* What the task asks: Please transcribe exactly the lines from the first line of the records below through the line containing "Naszyjnik srebrny z", including both, and omit all pictures.

Stored items from a collection:
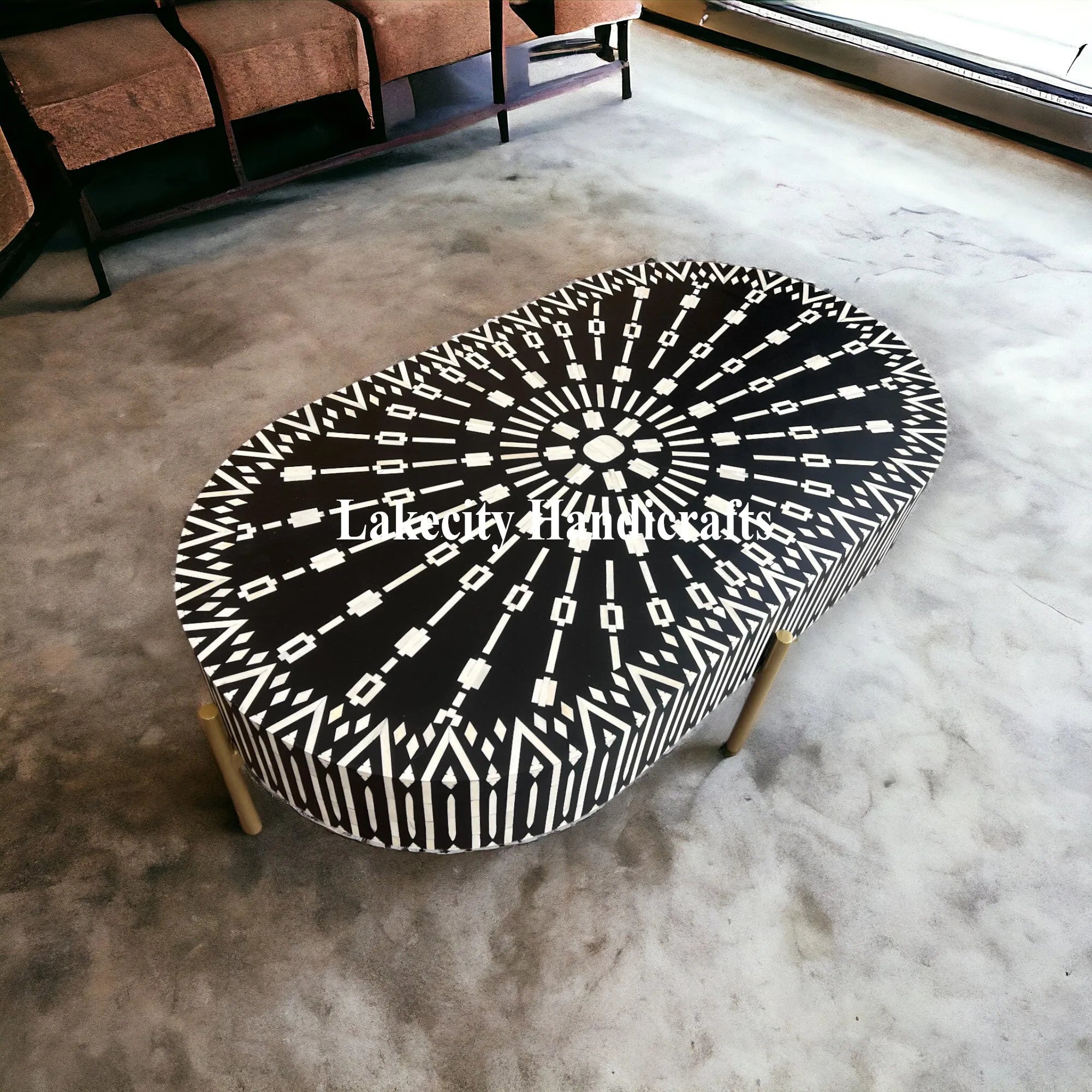 Bone Inlay Kalmin Oval Shape Coffee Table Black | Bone Inlay Kalmin Oval Shape Center Table Black
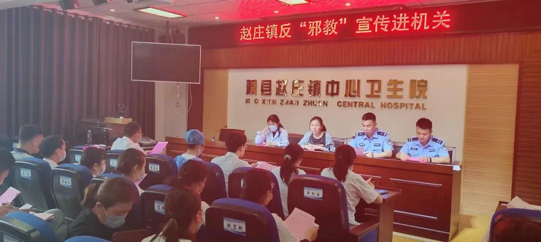 6月19日,赵庄镇政府组织派出所到中心卫生院开展反邪知识讲座宣传活动,活动内容主要是增强医护人员防邪、反邪的应变能力和自身保护意识。
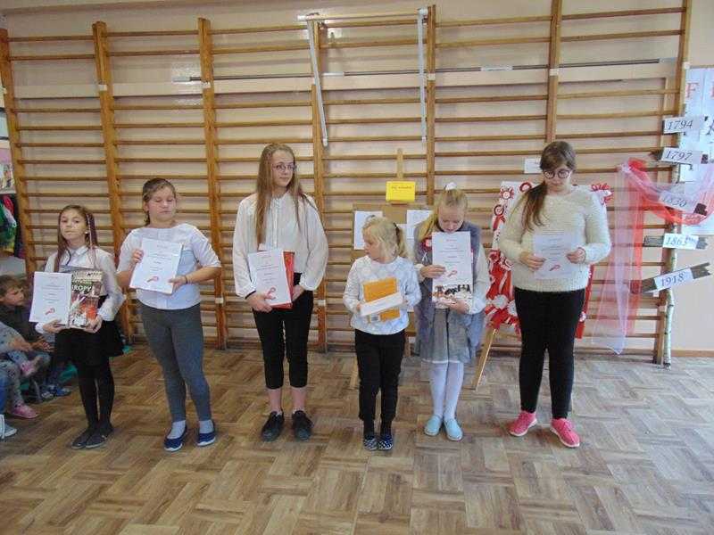 odzyskania niepodległości. W konkursie brali udział nasi uczniowie, którzy zdobyli zaszczytne miejsca : 1 miejsce zajęła
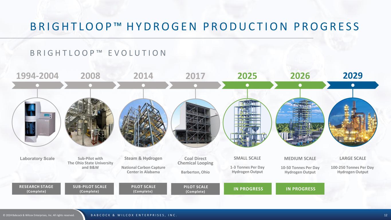© 2024 Babcock & Wilcox Enterprises, Inc.版权所有。B A B C O C K & W I L C O X E N T E R P R I S E S,I N C. 11 B R I G H T L O O P ™ H Y D R O G E N P R O D U C T I O N Significant advantages:•来自固体燃料的氢–可以利用多种固体或气体燃料作为原料•高碳捕获率–固有的CO2隔离支持隔离或利用,而无需昂贵的燃烧后捕获设备和运行•具有竞争力的氢气成本–与其他制氢方法相比,氢气的平准化成本更低•高质量的氢气–与从燃料中分离氢气相比,利用蒸汽生产的氢气产生更高的质量•可扩展用于一系列应用–可容纳大型和小型应用BIOMASS FEEDStock Options Output optionSNitrogen for Beneficial Use BIOGAS COAL Natural Gas Steam Syngas Hydrogen Electricity Petroleum COKE CO2 for Storage/Beneficial Use BrightLoop ™技术
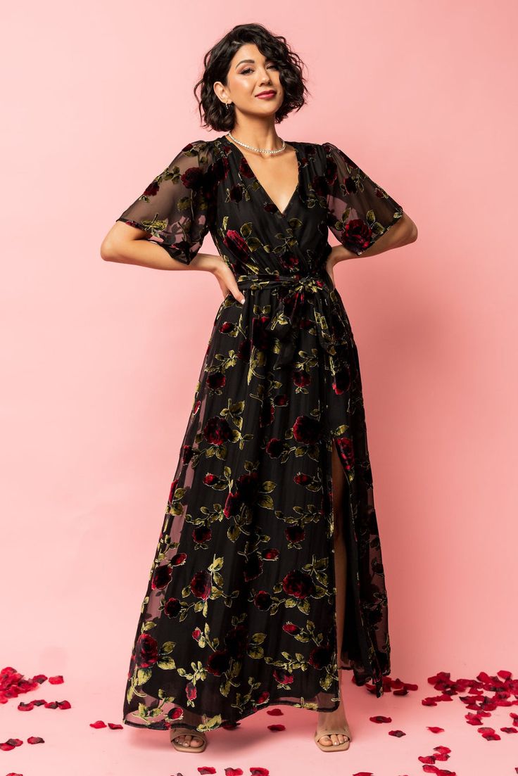 Elegance is the name of the game here. Long-sleeved gowns, dark shades, and a hint of sparkle make for a timeless winter look.
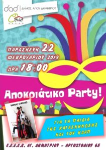 Ο Οργανισμός Παιδείας, Κοινωνικής Αλληλεγγύης & Προστασίας διοργανώνει αποκριάτικο πάρτι, με ζογκλέρ, ταχυδακτυλουργούς, πολύ τραγούδι και χορό, για τα παιδιά
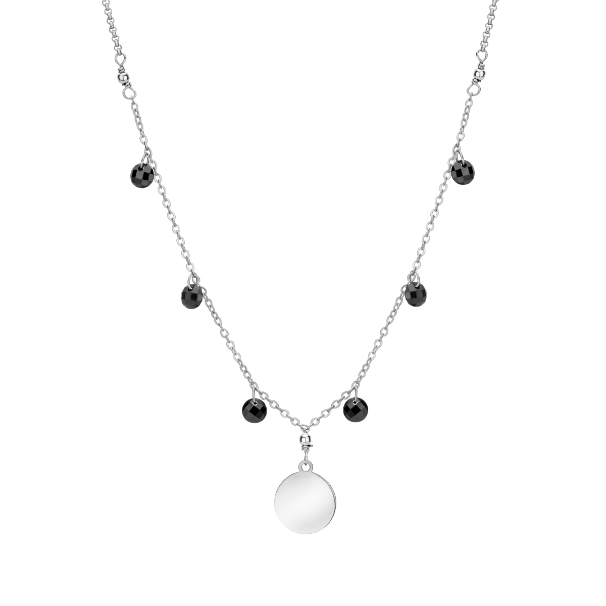 Naszyjnik srebrny z blaszką i czarnymi koralikami
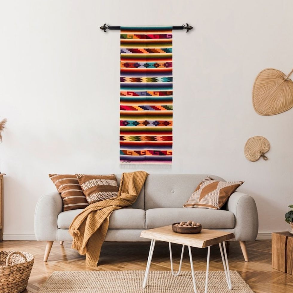 Zosimo utilizes alpaca, sheep wool, and cotton in the fabrication of his pieces, while both natural and synthetic dyes create the enthralling blend of colors. The treadle loom is his primary tool.
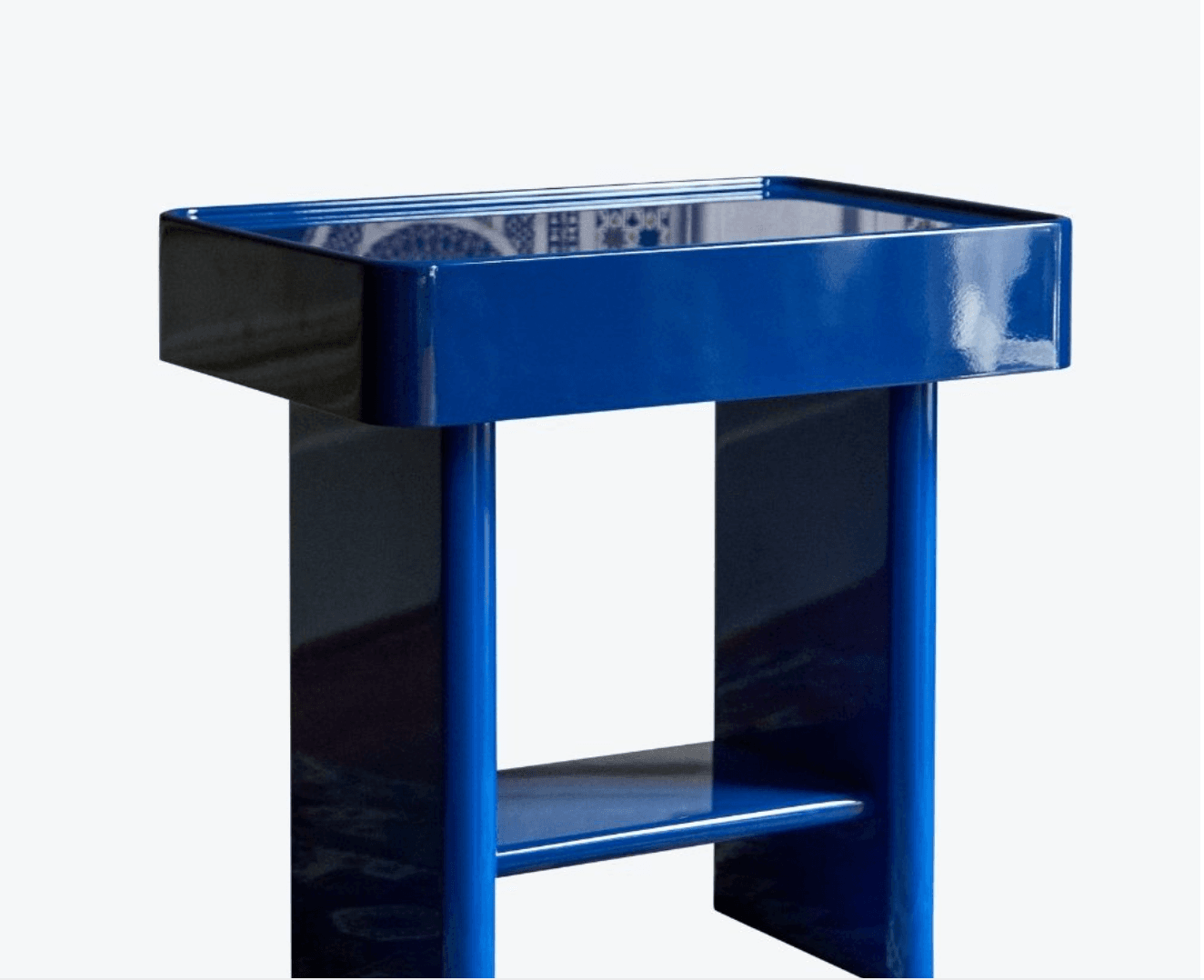 "We're always thinking about the balance or dialogue in an interior scheme. Individual pieces should speak to each other, but nothing should shout. It's almost like a philharmonic orchestra—there's perhaps a star violin, but she is always supported by the rest of the instruments. When we work with a stronger piece like Apollo, our two-tone lacquered cobalt side table, we often soften it a touch by putting it next to a velvet chair or place some lovely flowers in a vase on top of it." —CR

* Result of the task:
 Bone Inlay Kalmin Oval Shape Coffee Table Black | Bone Inlay Kalmin Oval Shape Center Table Black
 6月19日,赵庄镇政府组织派出所到中心卫生院开展反邪知识讲座宣传活动,活动内容主要是增强医护人员防邪、反邪的应变能力和自身保护意识。
 odzyskania niepodległości. W konkursie brali udział nasi uczniowie, którzy zdobyli zaszczytne miejsca : 1 miejsce zajęła
© 2024 Babcock & Wilcox Enterprises, Inc.版权所有。B A B C O C K & W I L C O X E N T E R P R I S E S,I N C. 11 B R I G H T L O O P ™ H Y D R O G E N P R O D U C T I O N Significant advantages:•来自固体燃料的氢–可以利用多种固体或气体燃料作为原料•高碳捕获率–固有的CO2隔离支持隔离或利用,而无需昂贵的燃烧后捕获设备和运行•具有竞争力的氢气成本–与其他制氢方法相比,氢气的平准化成本更低•高质量的氢气–与从燃料中分离氢气相比,利用蒸汽生产的氢气产生更高的质量•可扩展用于一系列应用–可容纳大型和小型应用BIOMASS FEEDStock Options Output optionSNitrogen for Beneficial Use BIOGAS COAL Natural Gas Steam Syngas Hydrogen Electricity Petroleum COKE CO2 for Storage/Beneficial Use BrightLoop ™技术
 Elegance is the name of the game here. Long-sleeved gowns, dark shades, and a hint of sparkle make for a timeless winter look.
 Ο Οργανισμός Παιδείας, Κοινωνικής Αλληλεγγύης & Προστασίας διοργανώνει αποκριάτικο πάρτι, με ζογκλέρ, ταχυδακτυλουργούς, πολύ τραγούδι και χορό, για τα παιδιά
 Naszyjnik srebrny z blaszką i czarnymi koralikami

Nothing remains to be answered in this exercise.